What is required – Every line below from the one containing "وظهر في مركز" through the one containing "2022年5月26日下午15" must be transcribed exactly. Omit all lines outside that stretch.

Data records –
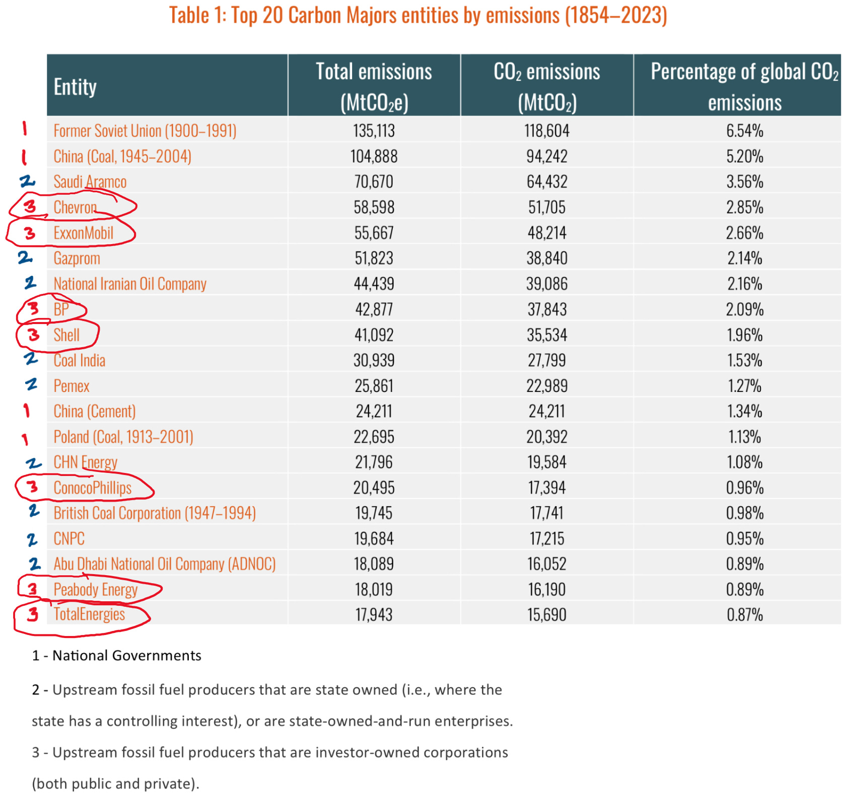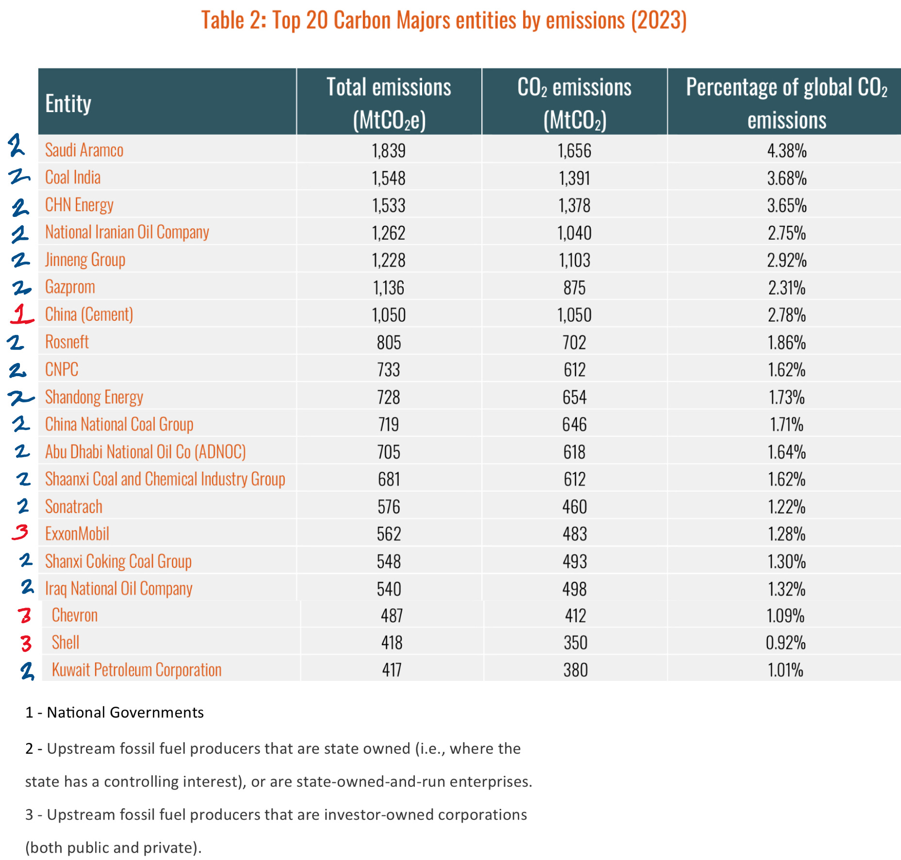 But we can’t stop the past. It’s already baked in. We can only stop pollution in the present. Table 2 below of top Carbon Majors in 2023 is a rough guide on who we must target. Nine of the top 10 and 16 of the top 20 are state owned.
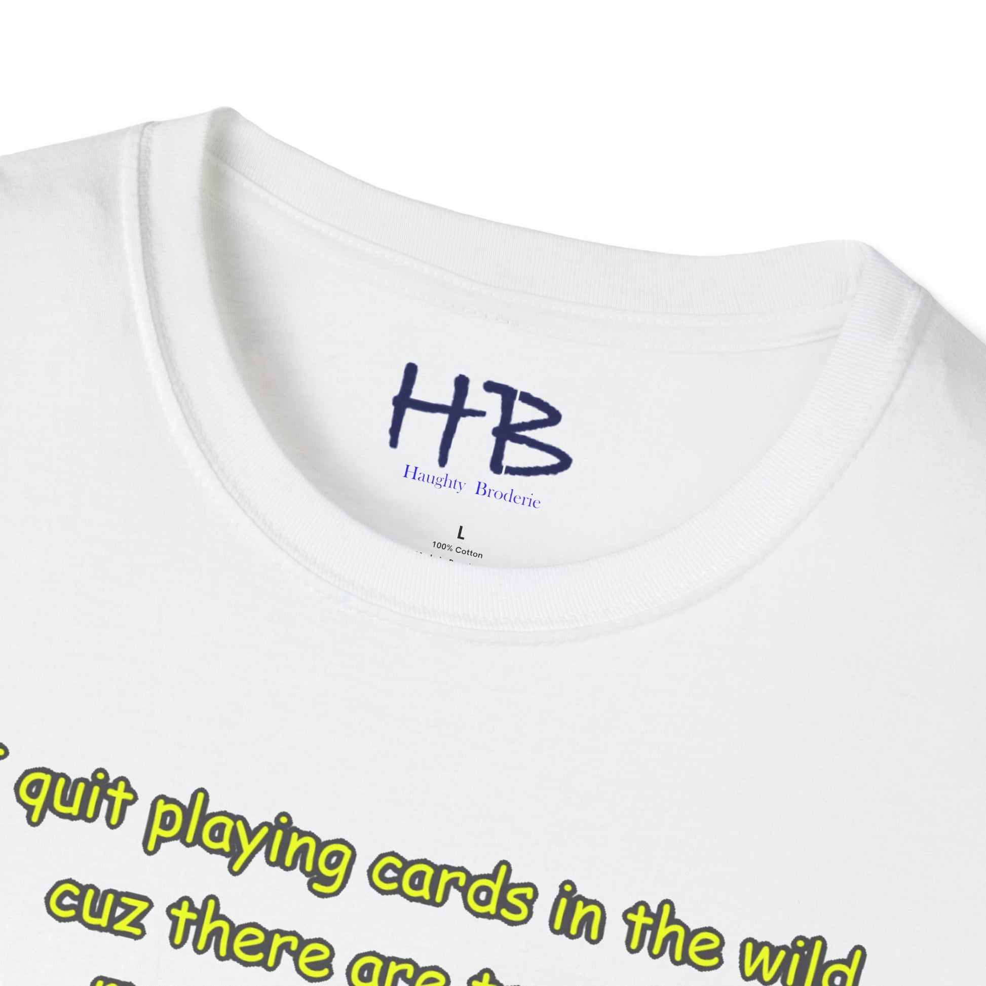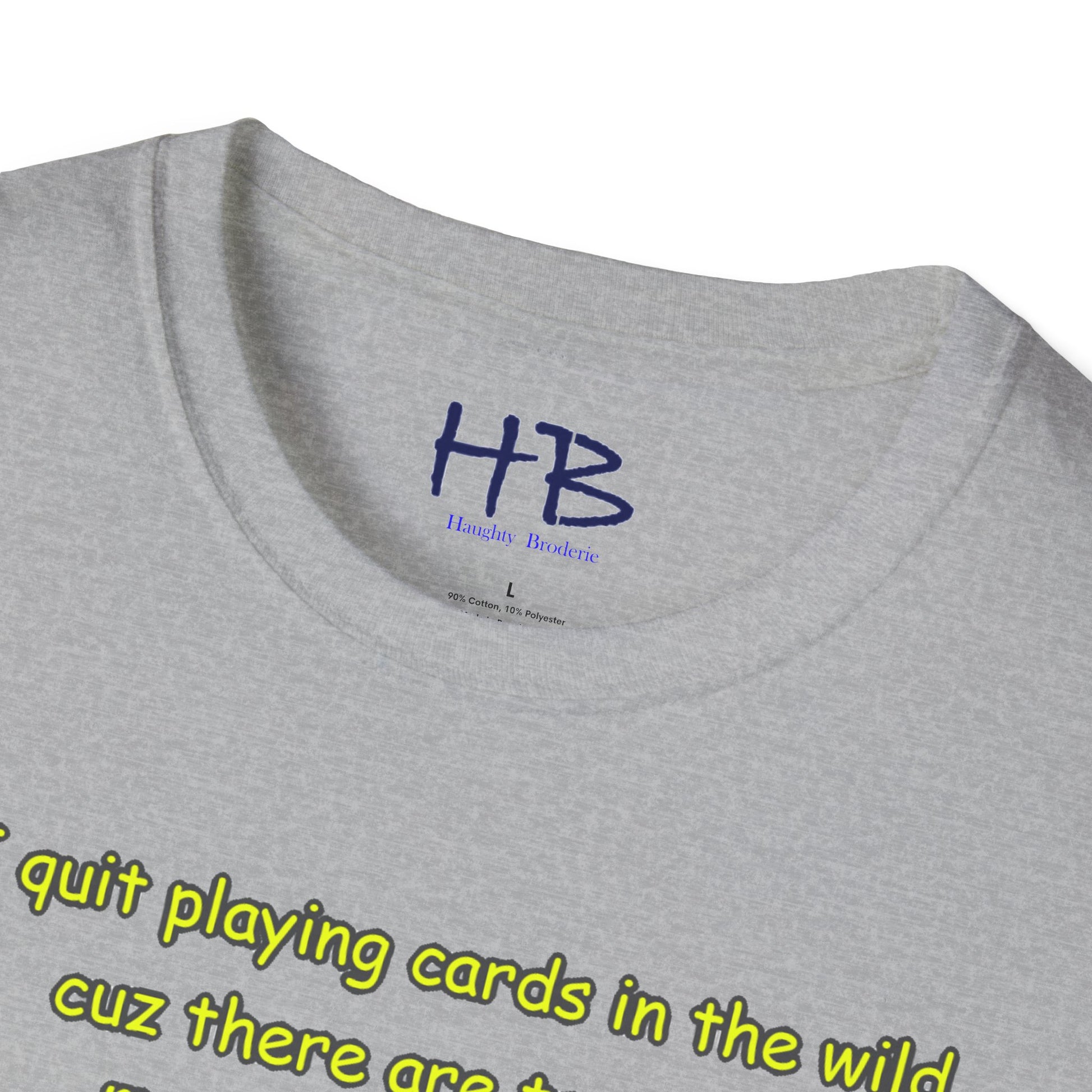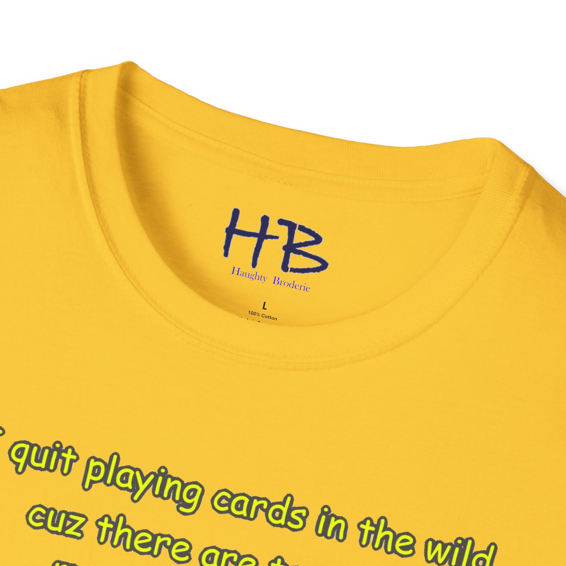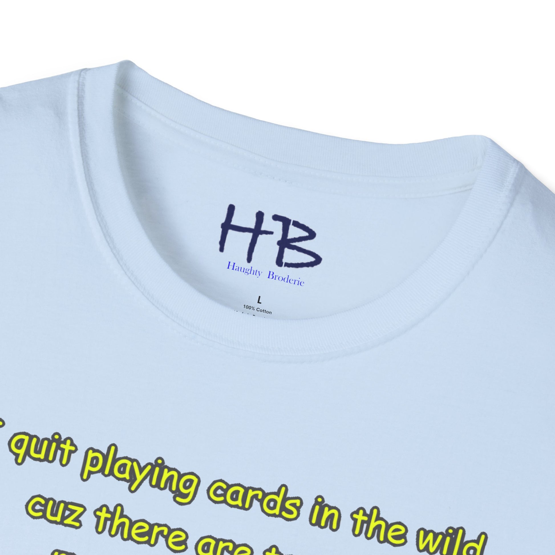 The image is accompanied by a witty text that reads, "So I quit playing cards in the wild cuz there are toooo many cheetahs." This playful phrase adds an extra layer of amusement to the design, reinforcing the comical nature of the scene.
---
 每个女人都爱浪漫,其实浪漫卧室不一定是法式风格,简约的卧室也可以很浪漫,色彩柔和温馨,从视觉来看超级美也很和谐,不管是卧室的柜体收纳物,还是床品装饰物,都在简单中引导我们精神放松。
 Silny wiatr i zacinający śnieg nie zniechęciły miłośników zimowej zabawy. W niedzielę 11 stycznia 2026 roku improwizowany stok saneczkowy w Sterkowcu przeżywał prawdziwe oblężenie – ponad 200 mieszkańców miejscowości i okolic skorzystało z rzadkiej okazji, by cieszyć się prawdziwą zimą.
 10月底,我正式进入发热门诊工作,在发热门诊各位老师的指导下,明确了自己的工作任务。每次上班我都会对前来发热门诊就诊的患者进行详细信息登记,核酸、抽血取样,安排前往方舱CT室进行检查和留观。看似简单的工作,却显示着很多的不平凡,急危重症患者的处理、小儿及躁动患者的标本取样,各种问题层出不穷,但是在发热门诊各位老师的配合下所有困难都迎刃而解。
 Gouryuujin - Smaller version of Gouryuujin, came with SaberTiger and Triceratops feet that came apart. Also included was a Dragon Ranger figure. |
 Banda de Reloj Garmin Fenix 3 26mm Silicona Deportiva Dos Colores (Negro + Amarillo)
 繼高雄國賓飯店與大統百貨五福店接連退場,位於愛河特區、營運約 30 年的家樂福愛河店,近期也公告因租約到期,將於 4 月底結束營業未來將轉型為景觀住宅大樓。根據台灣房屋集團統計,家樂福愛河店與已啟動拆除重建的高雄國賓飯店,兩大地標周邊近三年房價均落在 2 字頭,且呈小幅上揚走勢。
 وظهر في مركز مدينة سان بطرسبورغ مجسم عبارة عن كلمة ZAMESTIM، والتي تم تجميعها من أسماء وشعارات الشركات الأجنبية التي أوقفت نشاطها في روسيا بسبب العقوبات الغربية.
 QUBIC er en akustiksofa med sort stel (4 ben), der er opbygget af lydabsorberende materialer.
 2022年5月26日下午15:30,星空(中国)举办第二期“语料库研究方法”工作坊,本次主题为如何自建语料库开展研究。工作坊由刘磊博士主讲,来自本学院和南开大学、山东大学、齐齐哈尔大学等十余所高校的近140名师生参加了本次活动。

Worked solution –
 وظهر في مركز مدينة سان بطرسبورغ مجسم عبارة عن كلمة ZAMESTIM، والتي تم تجميعها من أسماء وشعارات الشركات الأجنبية التي أوقفت نشاطها في روسيا بسبب العقوبات الغربية.
 QUBIC er en akustiksofa med sort stel (4 ben), der er opbygget af lydabsorberende materialer.
 2022年5月26日下午15:30,星空(中国)举办第二期“语料库研究方法”工作坊,本次主题为如何自建语料库开展研究。工作坊由刘磊博士主讲,来自本学院和南开大学、山东大学、齐齐哈尔大学等十余所高校的近140名师生参加了本次活动。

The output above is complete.